Все два часа, которые машина добиралась до особняка Бориса, прошли в молчании. Пассажир сидел в оцепенении, а таксист просто думал о своём, умело лавируя в потоке машин. Когда показался элитный посёлок, где и проживал наш государственный человек, водитель немного занервничал, предчувствуя проблемы. «Блатной, что ли… Да не похож. Хрен его знает, кто такой», - думал он. «А если номер запишет, пожалуется».

Но раздумья шофера прервал сам Борис, заранее расплатившись, и как только машина стала замедлять ход, он резко выскочил из салона, и быстро-быстро засеменил к одному из особняков. «Во сайгак!», подумал таксист, и сам достаточно спешно развернулся и поехал подальше отсюда, лишь бы не соприкасаться с такими людьми, ради собственной же безопасности. А то кто их знает, этих богачей…

                4

Дома Борис обнаружил записку от своей молодой жены «Прости за всё, я ухожу. Замуж я выходила за будущего мэра, а не за отставника.

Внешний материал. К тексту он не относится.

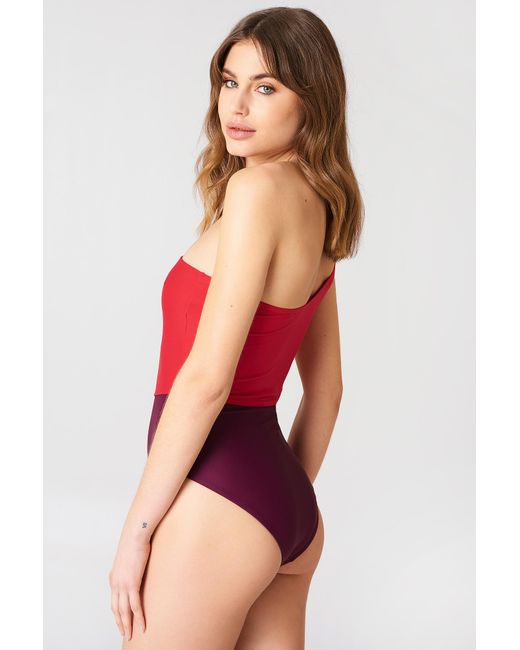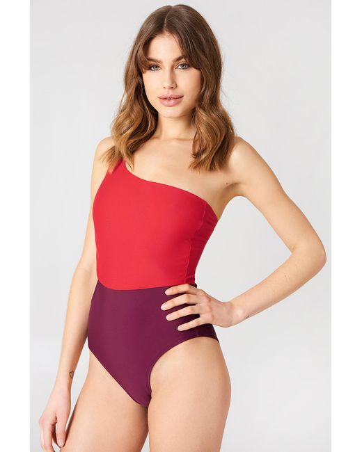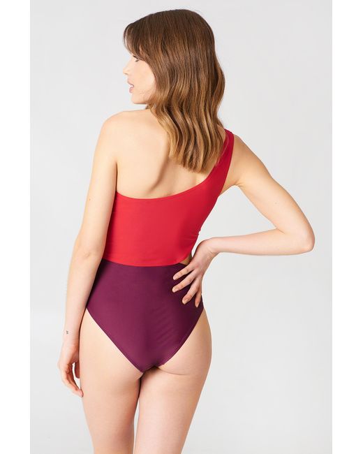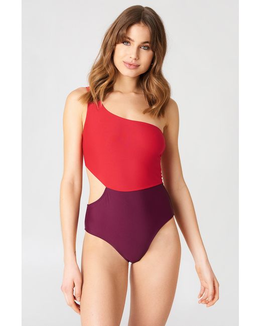 Der One Shoulder Block Swimsuit von NA-KD Swimwear hat Kontrastfarben, ein Cutout an der Seite, ist hoch geschnitten an den Beinen, hat minimale Bedeckung im Rücken und nur einen Träger und eine freie Schulter. Farbe: rot
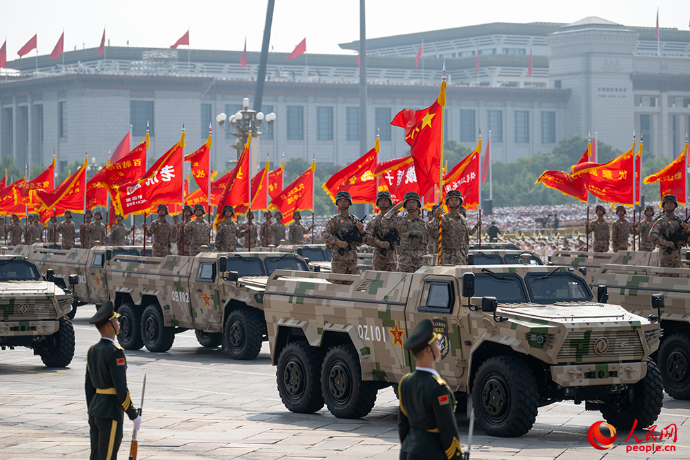 战旗猎猎,铁流滚滚。由80面抗战英模部队荣誉旗帜组成的战旗方队接受检阅。

Не звони, не ищи, всё равно не найдёшь». Это был последний, окончательный удар, от которого уже невозможно было оправиться.

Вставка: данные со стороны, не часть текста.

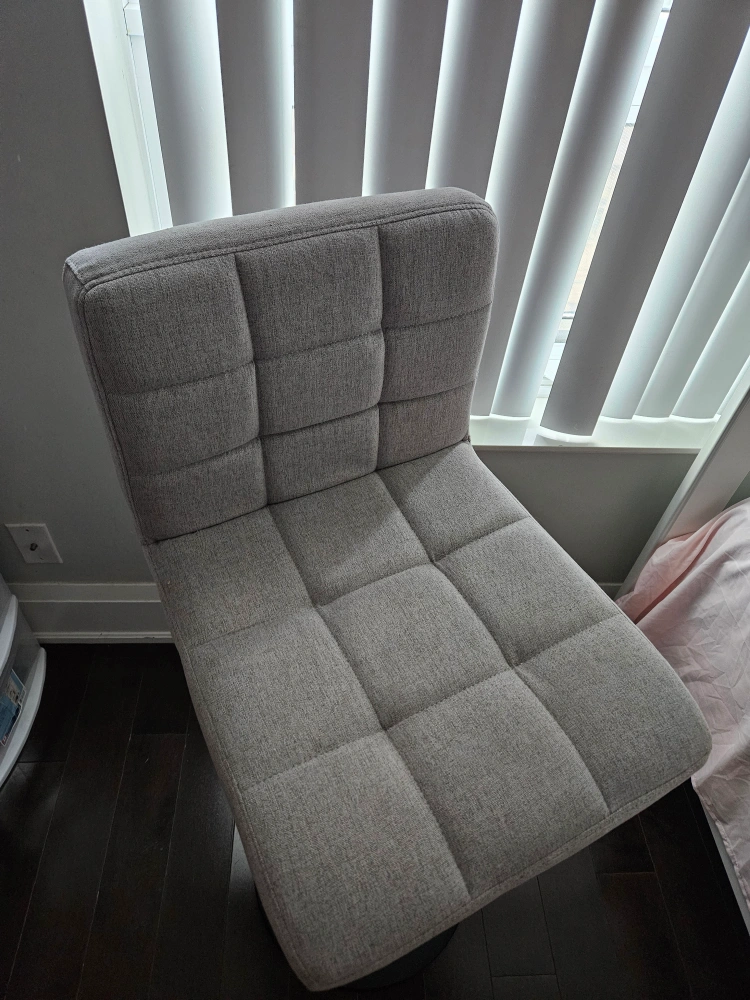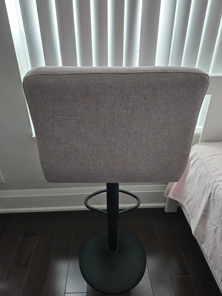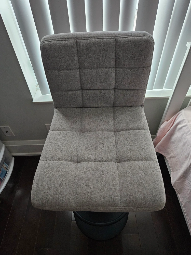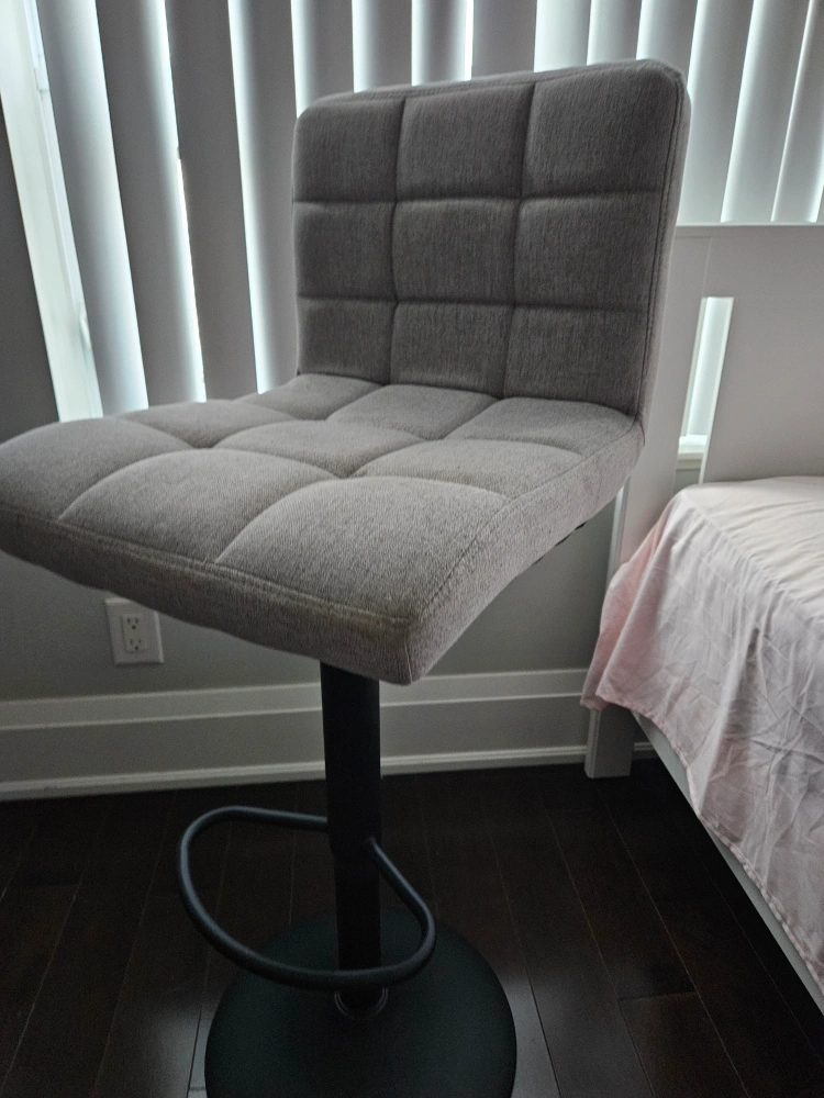Soft sturdy padded counter stool. Adjustable height. 16.5"X16.5"X( 35-45")-Seat height 25.5"- 33.5". Less than 1 yr owned gently used. 2 Available. $70 each. $120 for pair.
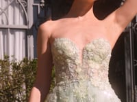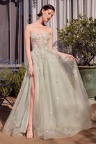 Enchant in this Sage Green Strapless Floral Embroidered Tulle Gown, crafted for the romantic soul. The delicate sheer bodice is adorned with intricate floral embroidery and shimmering sequins, flowing into a dreamy A-line tulle skirt. Featuring a flattering sweetheart neckline and a daring thigh-high slit, this gown effortlessly blends elegance with allure. Perfect for prom, garden weddings, or any evening affair where making a graceful statement is key.
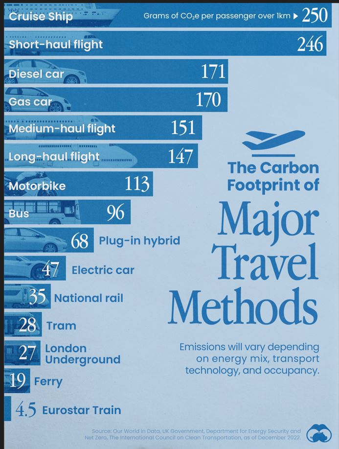 Recent onderzoek toont de CO2-voetafdruk van verschillende transportmethoden, waarbij cruiseschepen, korteafstandsvluchten en solitair autorijden als de meest koolstofintensieve methoden worden beschouwd.

Первый брак Бориса можно было назвать счастливым, ведь жена, немного полноватая добродушная женщина, искренне любила своего супруга. Но как только Борис стал большим начальником, и на него стали засматриваться другие женщины, брак распался. И в громадном особняке вместо первой жены поселилась красивая молоденькая девушка, постоянно занятая собой и своей внешностью. Борис любил показывать её коллегам, хвастался, принимал сдержанное восхищение сослуживцев, а она только тратила гигантские суммы его денег не пойми на что, и на ласковые упрёки сожителя отвечала улыбками. Так у них было заведено, и никто не чувствовал себя обделённым.

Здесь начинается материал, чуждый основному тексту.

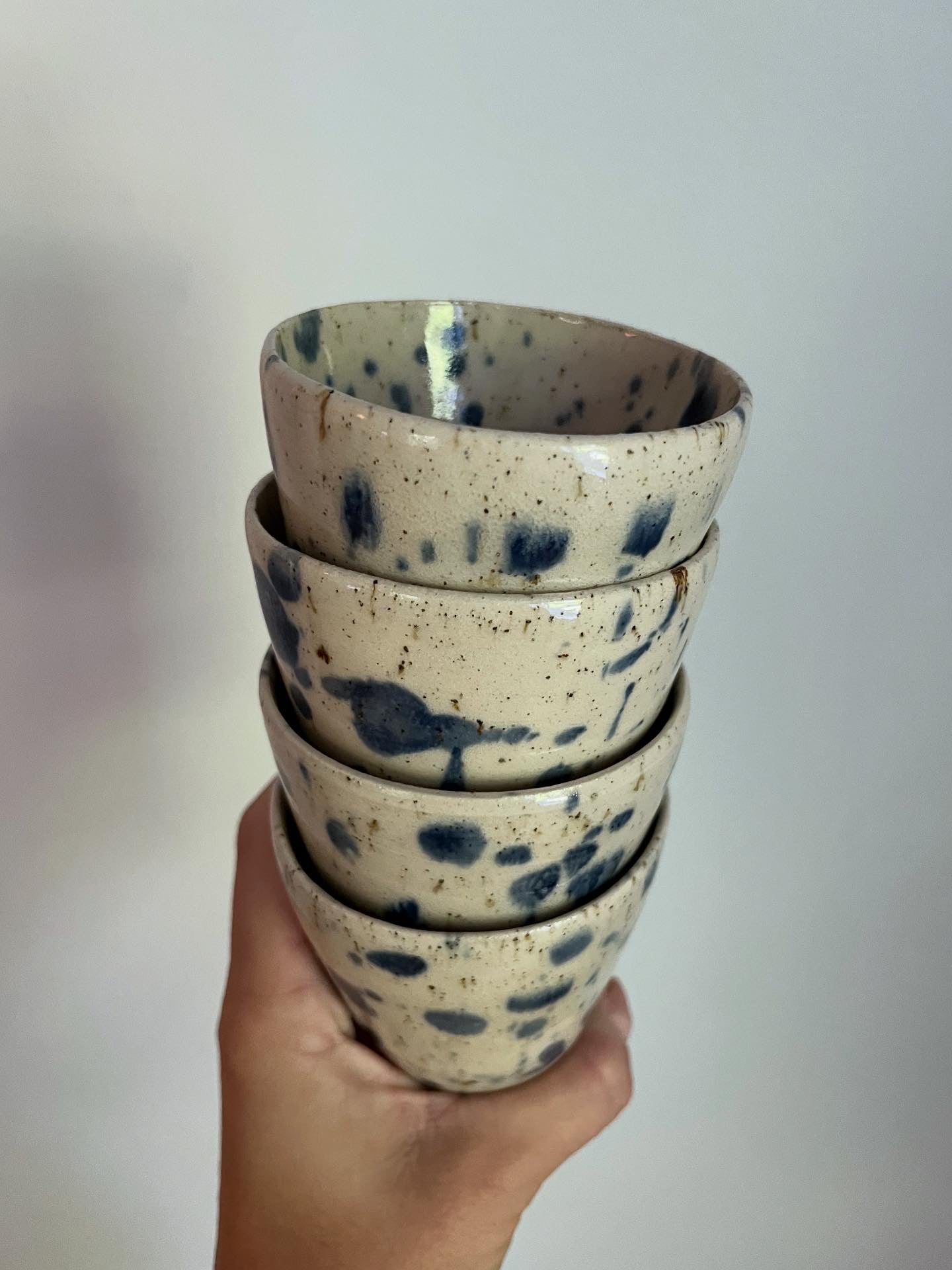 Kopp utan öra i stengodslera med transparent glasyr och blå prickar.

Но теперь она ушла. Всё. Борис потерял не только власть, но и жену. И смысл жить дальше.
Достаточно быстро он взбежал по ступенькам на третий этаж, в свой просторный кабинет, открыл гигантский сейф, из которого достал дорогое охотничье ружье, которое вопреки всем правилам всегда было заряжено. Через несколько секунд раздался выстрел, и рассказ о государственном человеке закончился.

На следующий день провластные газеты написали некрологи, в которых вспоминали все былые заслуги Бориса Аркадьевича, его самоотверженный труд, отдельный абзац посвятили тому, что все подчинённые его обожали. И нигде не промелькнуло режущее глаз слово «самоубийство». Нет, это был несчастный случай. Служители власти никогда не совершают самоубийств, а только попадают в несчастные случаи.